### TASK DESCRIPTION
All lines from the one bearing "接着,会议举行捐赠仪式,由乳" through the end of the data below must be printed exactly as they stand, with pictures removed.

● ● ●

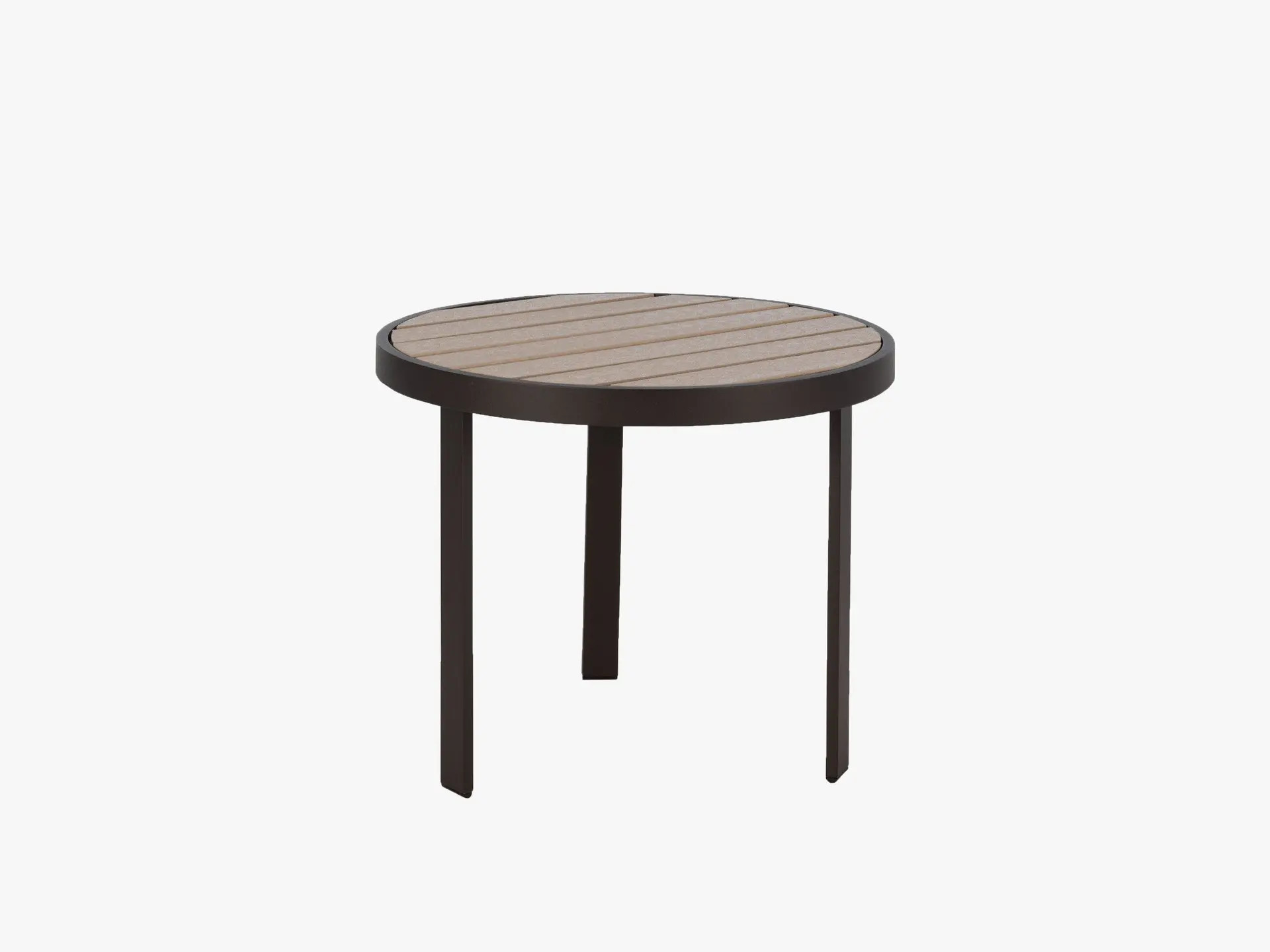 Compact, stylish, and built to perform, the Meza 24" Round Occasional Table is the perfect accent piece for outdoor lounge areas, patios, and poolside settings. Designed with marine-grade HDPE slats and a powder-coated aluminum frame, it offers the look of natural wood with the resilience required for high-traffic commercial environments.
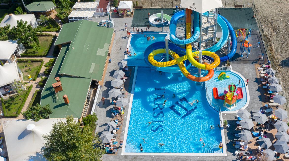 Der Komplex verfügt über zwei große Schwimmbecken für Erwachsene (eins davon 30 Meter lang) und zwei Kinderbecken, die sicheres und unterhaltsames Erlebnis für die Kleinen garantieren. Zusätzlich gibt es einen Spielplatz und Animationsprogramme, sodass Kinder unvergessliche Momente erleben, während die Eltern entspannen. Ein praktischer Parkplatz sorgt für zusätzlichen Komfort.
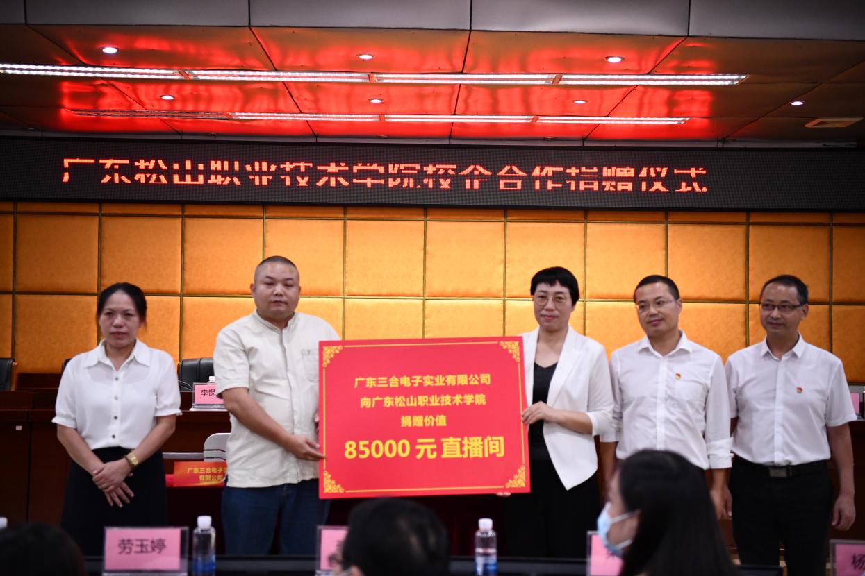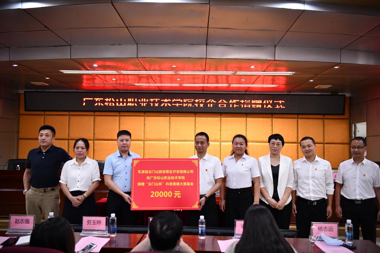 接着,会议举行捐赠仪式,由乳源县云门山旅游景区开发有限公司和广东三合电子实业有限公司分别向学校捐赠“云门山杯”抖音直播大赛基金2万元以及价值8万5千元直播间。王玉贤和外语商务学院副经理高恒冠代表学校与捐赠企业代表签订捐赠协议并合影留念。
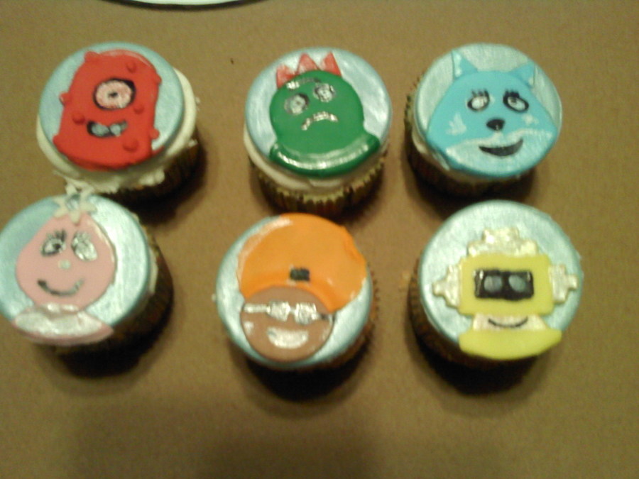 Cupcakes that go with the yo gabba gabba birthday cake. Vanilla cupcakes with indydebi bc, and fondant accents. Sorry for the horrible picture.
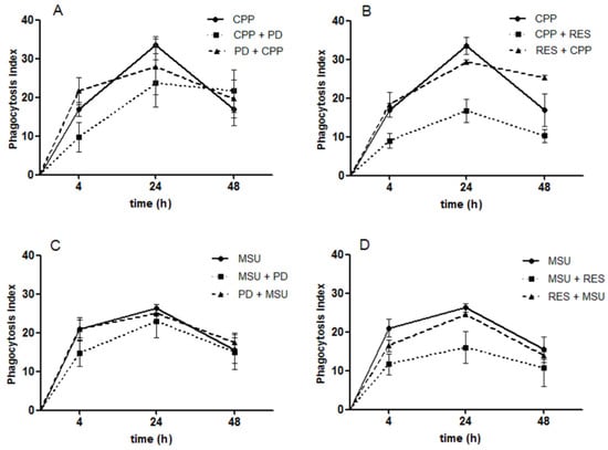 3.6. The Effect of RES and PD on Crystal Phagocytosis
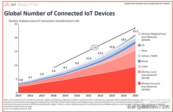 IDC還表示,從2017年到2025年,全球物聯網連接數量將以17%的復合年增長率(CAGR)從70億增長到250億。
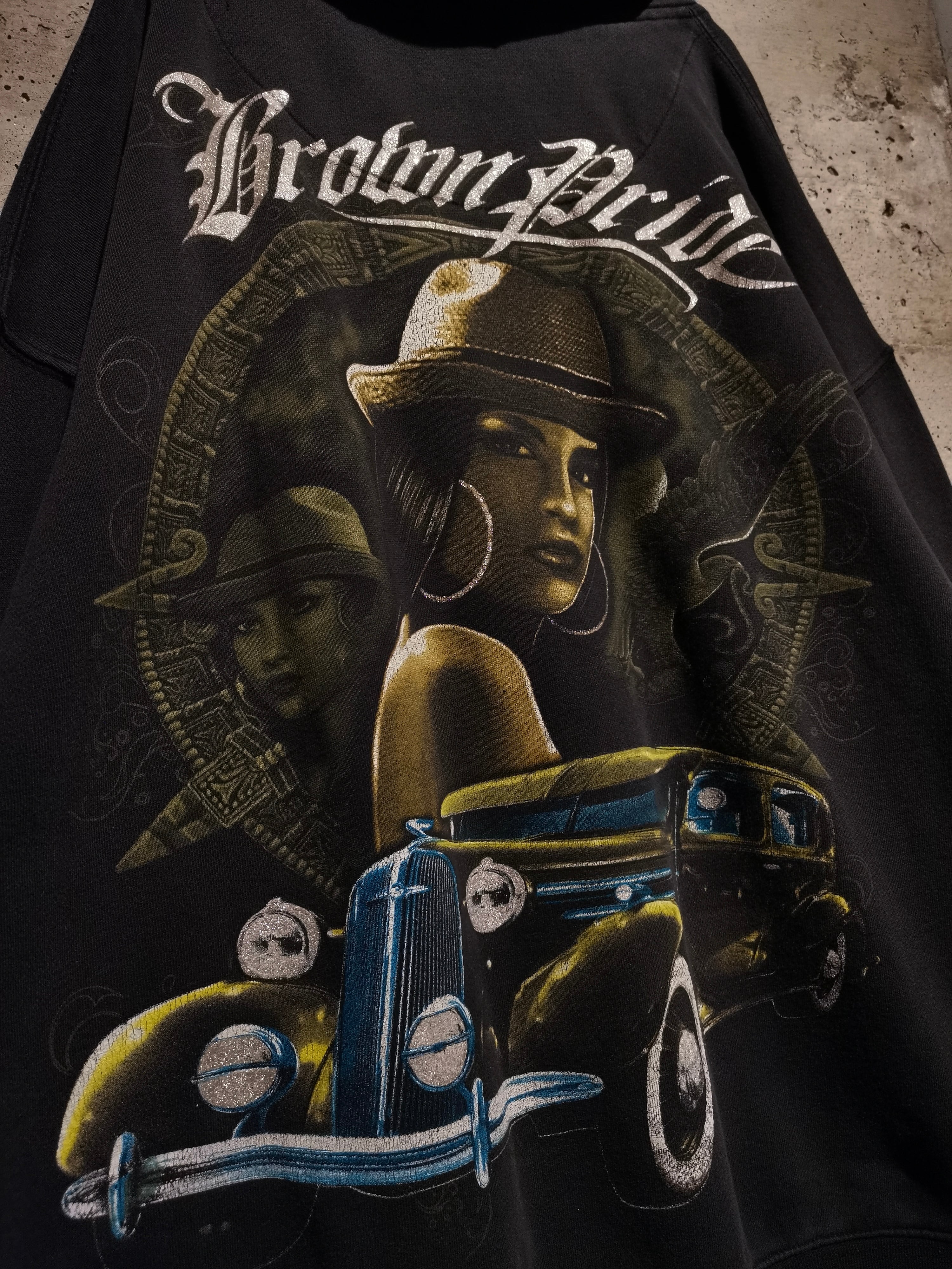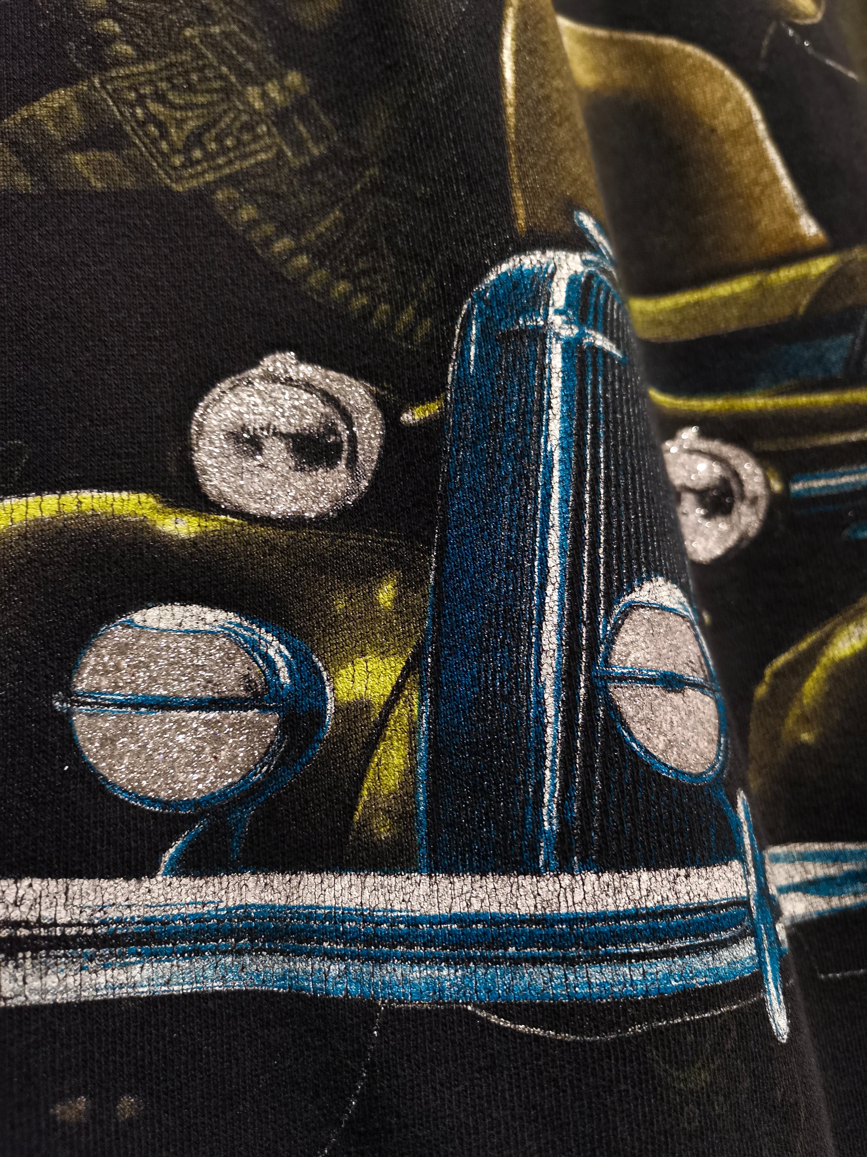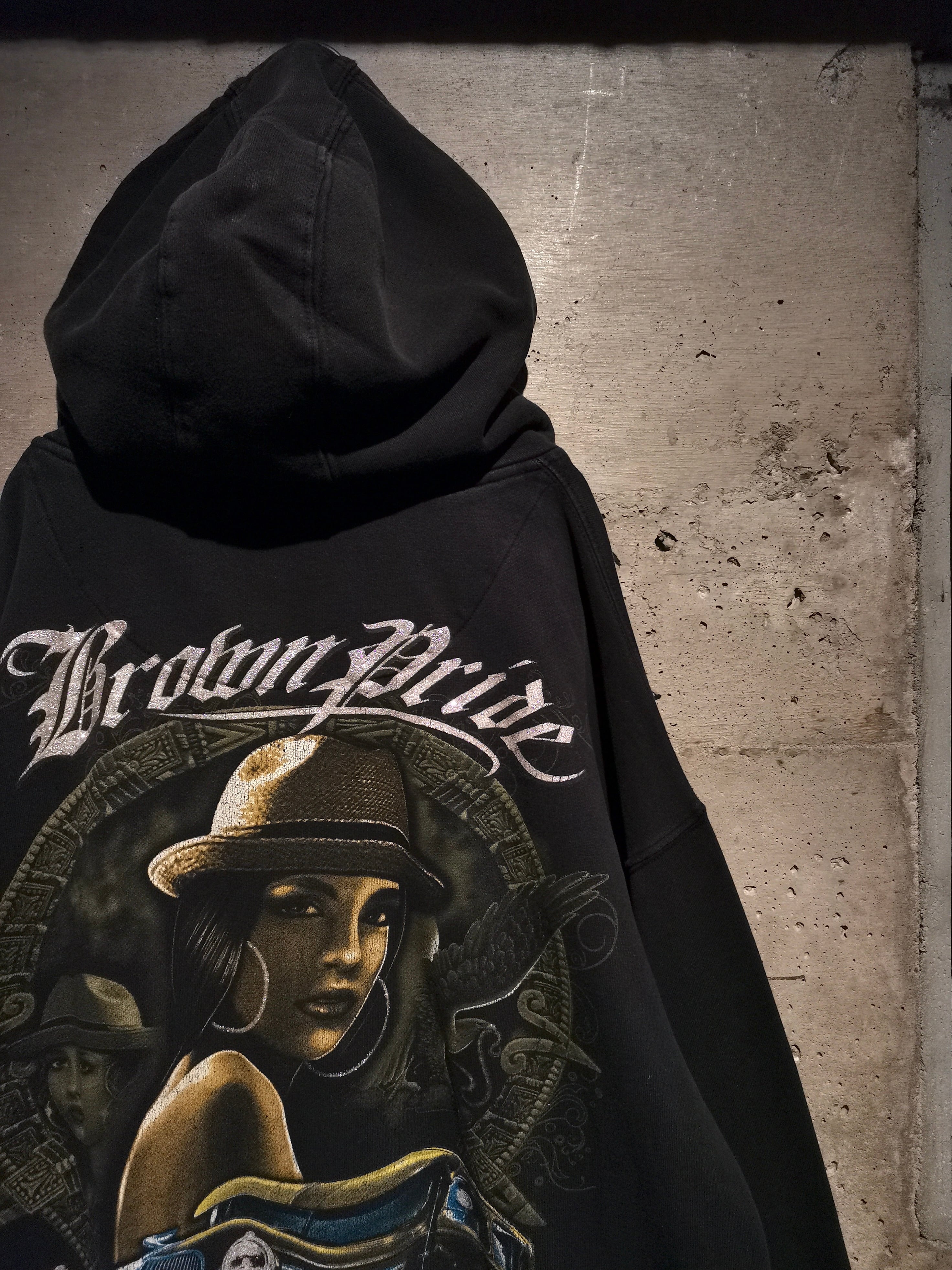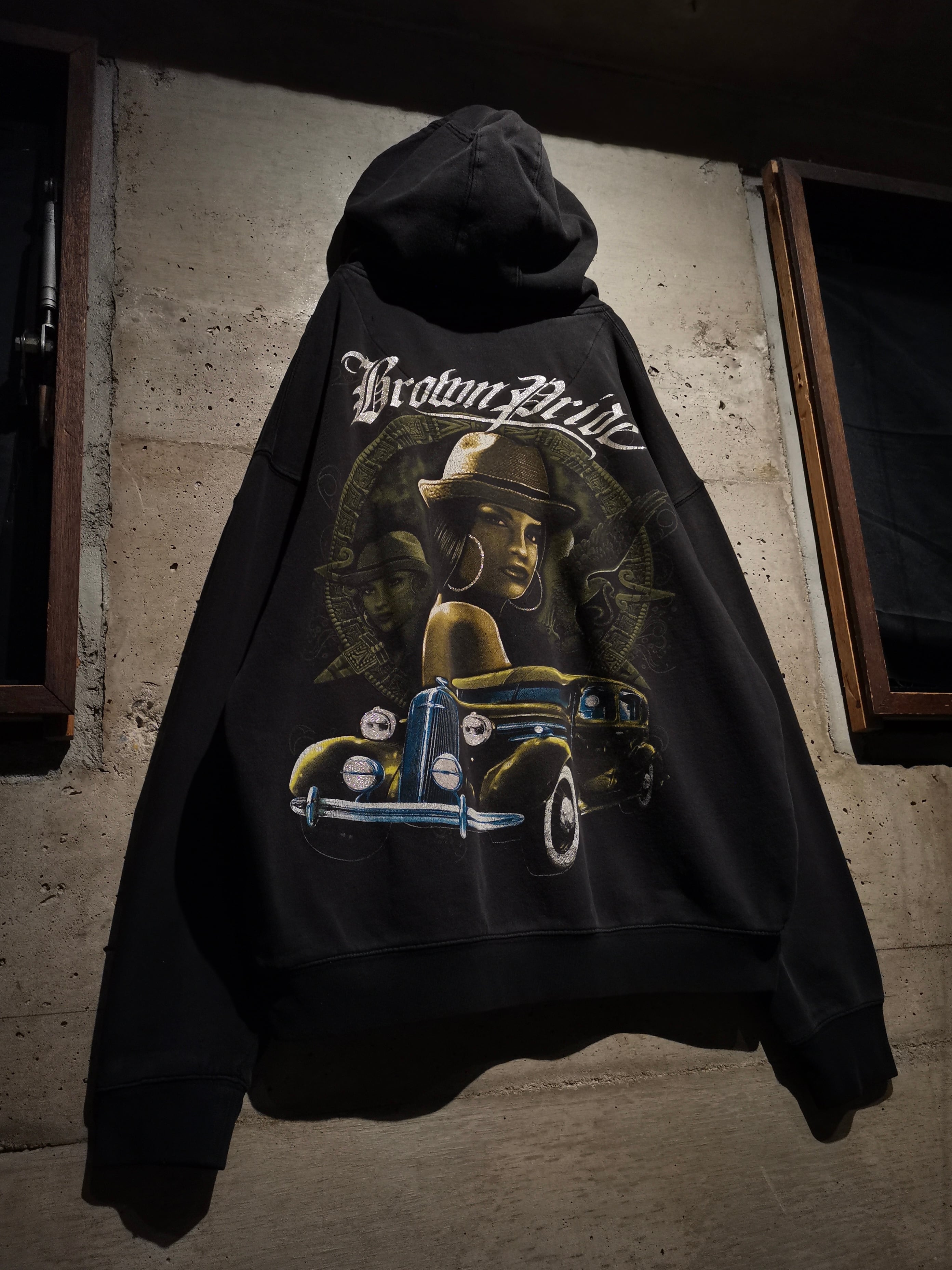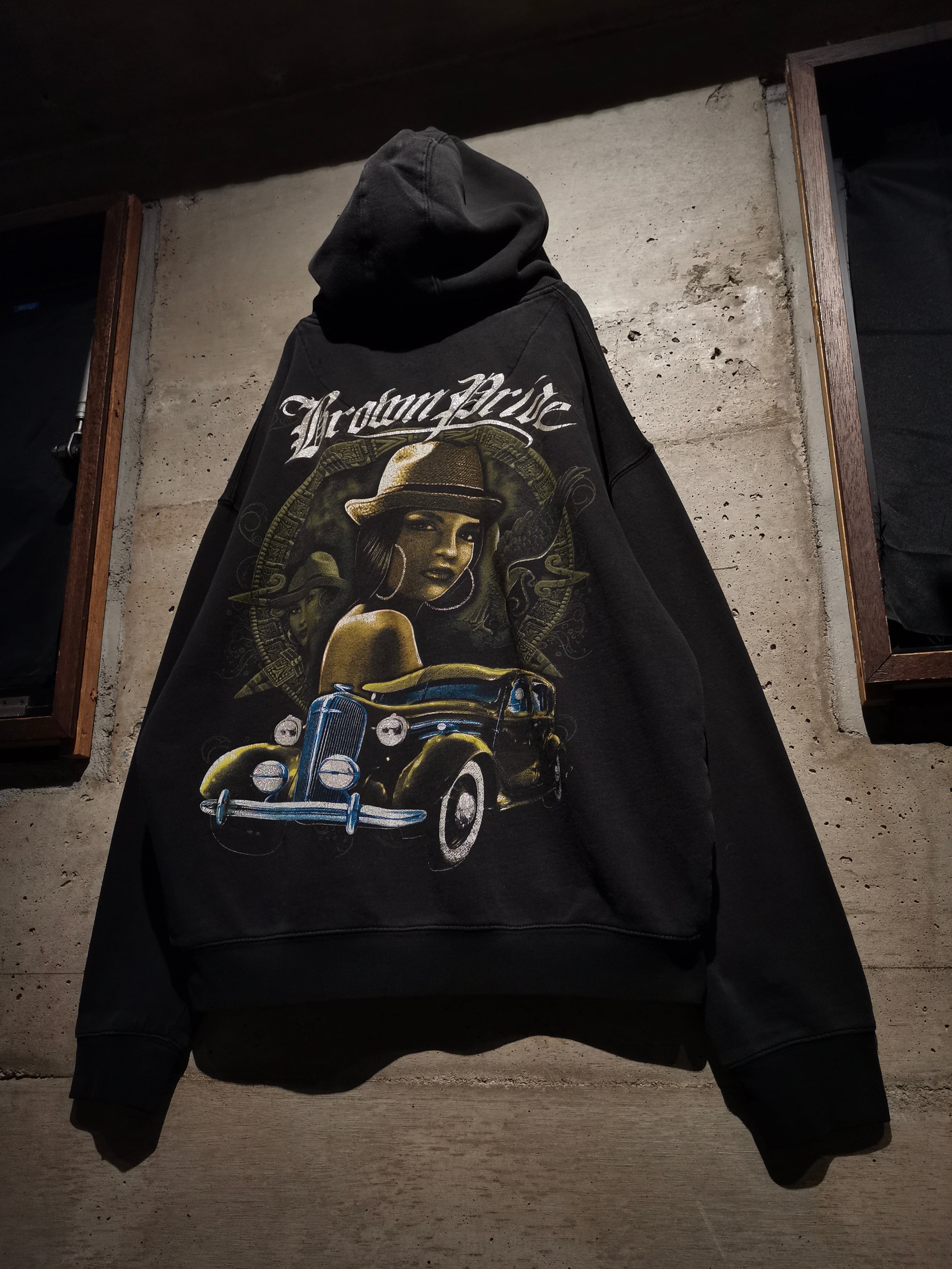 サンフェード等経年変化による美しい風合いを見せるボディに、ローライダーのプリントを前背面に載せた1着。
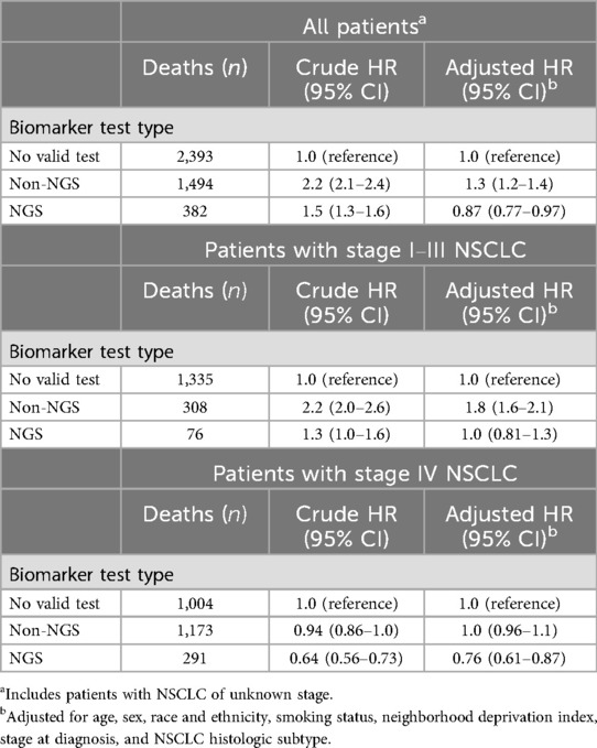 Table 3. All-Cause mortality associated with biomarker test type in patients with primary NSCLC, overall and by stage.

● ● ●

### TASK RESULT
 接着,会议举行捐赠仪式,由乳源县云门山旅游景区开发有限公司和广东三合电子实业有限公司分别向学校捐赠“云门山杯”抖音直播大赛基金2万元以及价值8万5千元直播间。王玉贤和外语商务学院副经理高恒冠代表学校与捐赠企业代表签订捐赠协议并合影留念。
 Cupcakes that go with the yo gabba gabba birthday cake. Vanilla cupcakes with indydebi bc, and fondant accents. Sorry for the horrible picture.
 3.6. The Effect of RES and PD on Crystal Phagocytosis
 IDC還表示,從2017年到2025年,全球物聯網連接數量將以17%的復合年增長率(CAGR)從70億增長到250億。
 サンフェード等経年変化による美しい風合いを見せるボディに、ローライダーのプリントを前背面に載せた1着。
 Table 3. All-Cause mortality associated with biomarker test type in patients with primary NSCLC, overall and by stage.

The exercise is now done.